Update: Mia Garlick, Creative Commons’ General Counsel sent me an email saying she started a Discussion Draft – NonCommercial Guidelines and would like for others to join in. Thanks Mia.

Washington, DC Subway CeilingWhat does the Creative Commons “NonCommercial” license mean? It seems I’m not the only one confused.

Pictured here is the ceiling of a Washington, DC subway/metro station. I took this photo last year while traveling on business. The photo resides within Flickr and is enjoying an Attribution-NonCommercial-ShareAlike licence.

jpcc-schmap-emailrequestThis week, many Flickr photographers received an email from Schmap, a start-up that will soon offer destination guides. Schmap’s email stated my photo was short-listed for inclusion in an upcoming guide, and gave me an option to submit or withdraw my photo from their final selection phase.

So they were nice enough to ask.

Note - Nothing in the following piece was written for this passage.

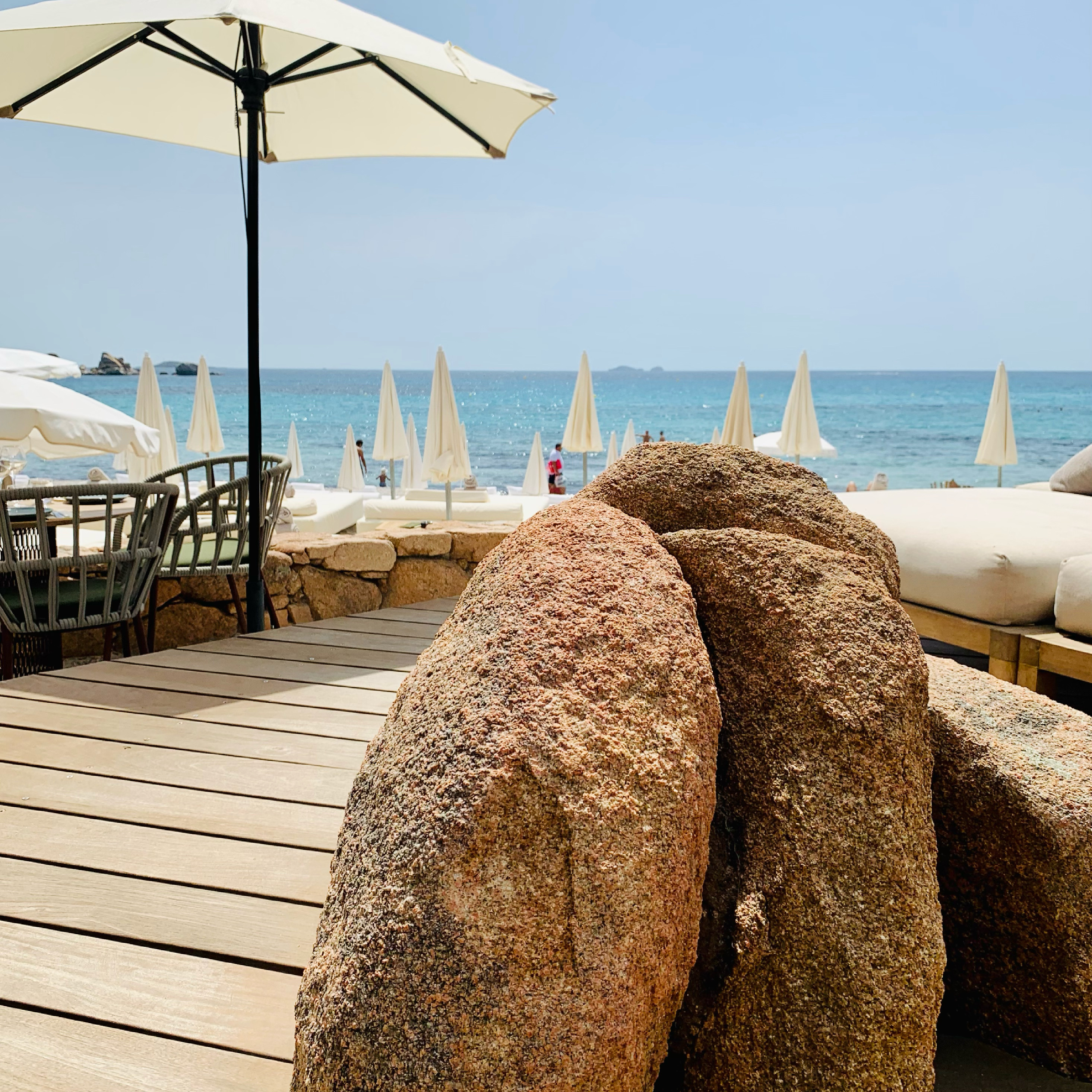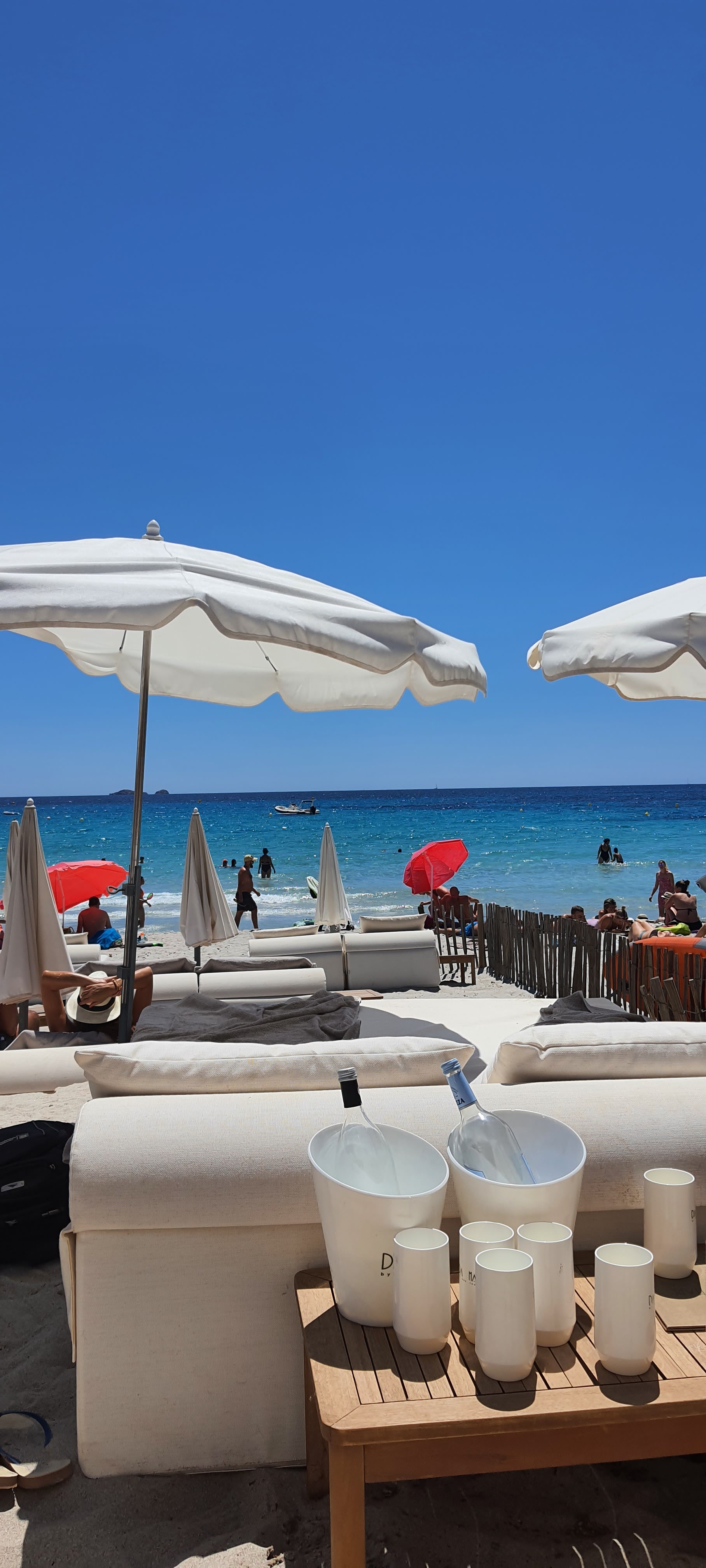 Bar-restaurant en bord d’une plage sublime, eau turquoise. Les doubles transats sont à 70€ (sans prix dégressifs en fin de journée… donc si vous venez à 16h c’est meme tarif qu’à 9h du matin…) Le service est très gentil et efficace, c’est très beau et chic, les cocktails sont bons. On se croirait à St Trop, Ibiza ou Mykonos.
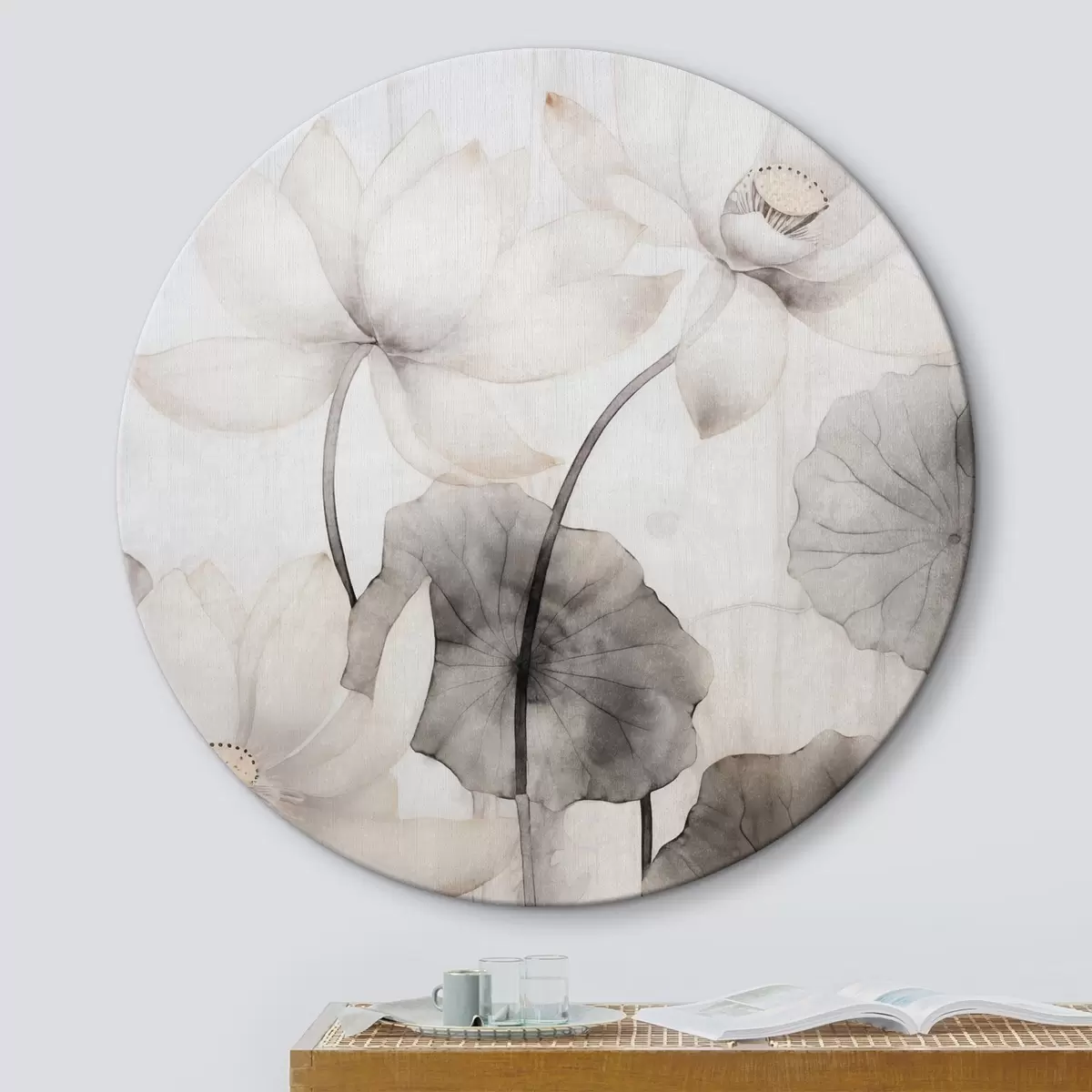 Obrázek Bílé texturované lotosové květy s tmavými listy, světlé pozadí, minimalistický design Nr r45937

They didn’t have to ask, since my photo has a Creative Commons license — or did they?

The question at hand is, “Is Schmap considered commercial or noncommercial?” Well, they don’t even know.

jpcc-schmap-websiteTheir website said, “The creative commons license that you’ve assigned your photo(s) provides for non-commerical use. While all of our Schmap destination guides will be FREE to download, some photographers might nevertheless consider these to be commercial (advertising revenue will support free distribution to our readers).” And then some Terms of Submission followed.

Since they didn’t know, Schmap decided to play it safe by treating my image more like it was protected by copyright and that I was agreeing to a new terms of use by granting them certain permissions.

Three out of Creative Commons’ six licenses restrict the licensed content from commerical use, which reads “Noncommercial. You may not use this work for commercial purposes.”

Creative Commons fails to better define what Commercial means. Does it mean people pay for a content or service directly? What if the content or service is subsidized through advertising? And how about nonprofits, are they commerical entities or not?

I don’t know these answers and perhaps neither does Schmap, which is why they asked.

3 Comments


  1. Having read the draft CC guidelines on non-commercial use (you have to click through until you get to the PDF), it still seems a bit grey. What does “in connection with” mean?

    I’m taking the scope of that to be “pertaining to the whole project”. Others may confine themselves to the particular “supplier” transaction revolving around the CC-licenced work itself, or to the transaction involving the end-user. I think the latter is what Schmap are hoping.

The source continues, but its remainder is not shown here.